● **EXERCISE**:
Below are entries with pictures among them; reproduce exactly, and only, the lines from the one containing "Мари-Бернадетт Дюпюи –" down to the one containing "Šperkovnice bude ideálním", without the pictures.

(EXTRACTED MATERIAL begins)

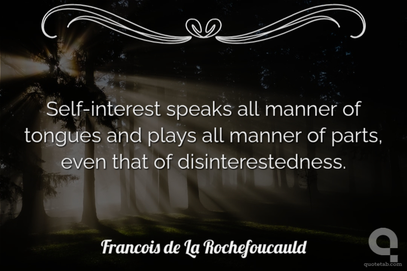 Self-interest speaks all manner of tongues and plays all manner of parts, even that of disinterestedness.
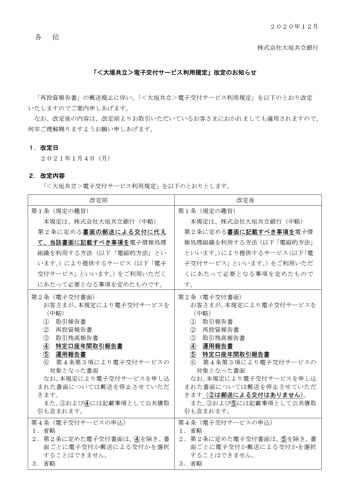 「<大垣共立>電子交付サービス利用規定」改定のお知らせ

(EXTRACTED MATERIAL ends)
(EXTRACTED MATERIAL begins)

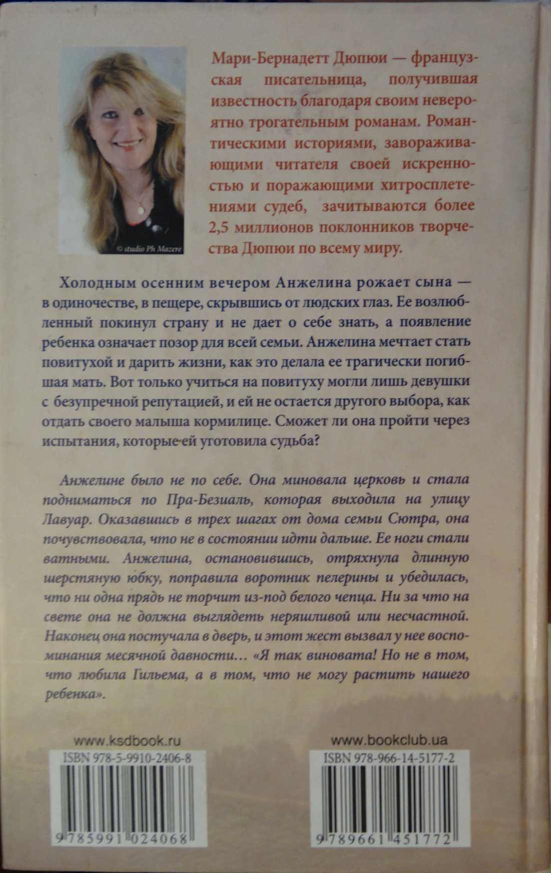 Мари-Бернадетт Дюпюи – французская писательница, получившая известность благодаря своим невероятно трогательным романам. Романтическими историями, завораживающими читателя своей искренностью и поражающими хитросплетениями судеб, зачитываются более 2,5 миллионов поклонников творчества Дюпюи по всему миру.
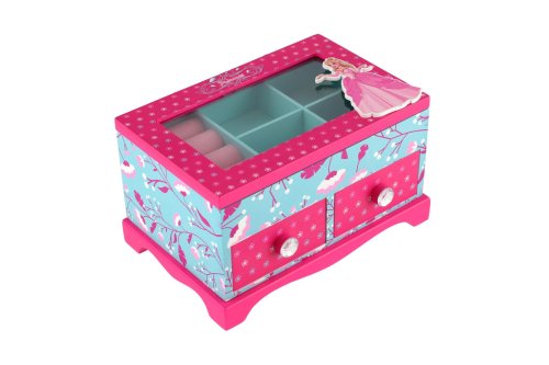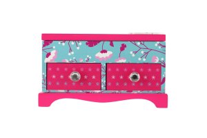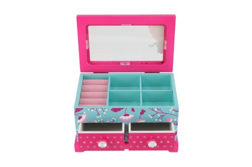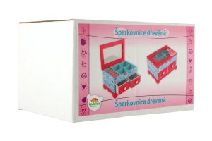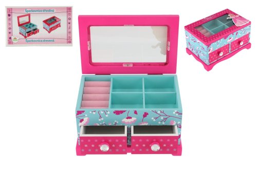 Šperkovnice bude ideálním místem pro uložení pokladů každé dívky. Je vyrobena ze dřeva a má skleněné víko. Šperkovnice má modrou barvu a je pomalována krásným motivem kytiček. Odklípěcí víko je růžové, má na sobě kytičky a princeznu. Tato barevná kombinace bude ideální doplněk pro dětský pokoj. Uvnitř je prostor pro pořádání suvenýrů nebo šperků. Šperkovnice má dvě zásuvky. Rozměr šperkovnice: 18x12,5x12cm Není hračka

(EXTRACTED MATERIAL ends)
(EXTRACTED MATERIAL begins)

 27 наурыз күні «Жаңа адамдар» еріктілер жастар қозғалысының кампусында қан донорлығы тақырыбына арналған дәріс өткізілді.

(EXTRACTED MATERIAL ends)

● **FINAL ANSWER**:
 Мари-Бернадетт Дюпюи – французская писательница, получившая известность благодаря своим невероятно трогательным романам. Романтическими историями, завораживающими читателя своей искренностью и поражающими хитросплетениями судеб, зачитываются более 2,5 миллионов поклонников творчества Дюпюи по всему миру.
 Šperkovnice bude ideálním místem pro uložení pokladů každé dívky. Je vyrobena ze dřeva a má skleněné víko. Šperkovnice má modrou barvu a je pomalována krásným motivem kytiček. Odklípěcí víko je růžové, má na sobě kytičky a princeznu. Tato barevná kombinace bude ideální doplněk pro dětský pokoj. Uvnitř je prostor pro pořádání suvenýrů nebo šperků. Šperkovnice má dvě zásuvky. Rozměr šperkovnice: 18x12,5x12cm Není hračka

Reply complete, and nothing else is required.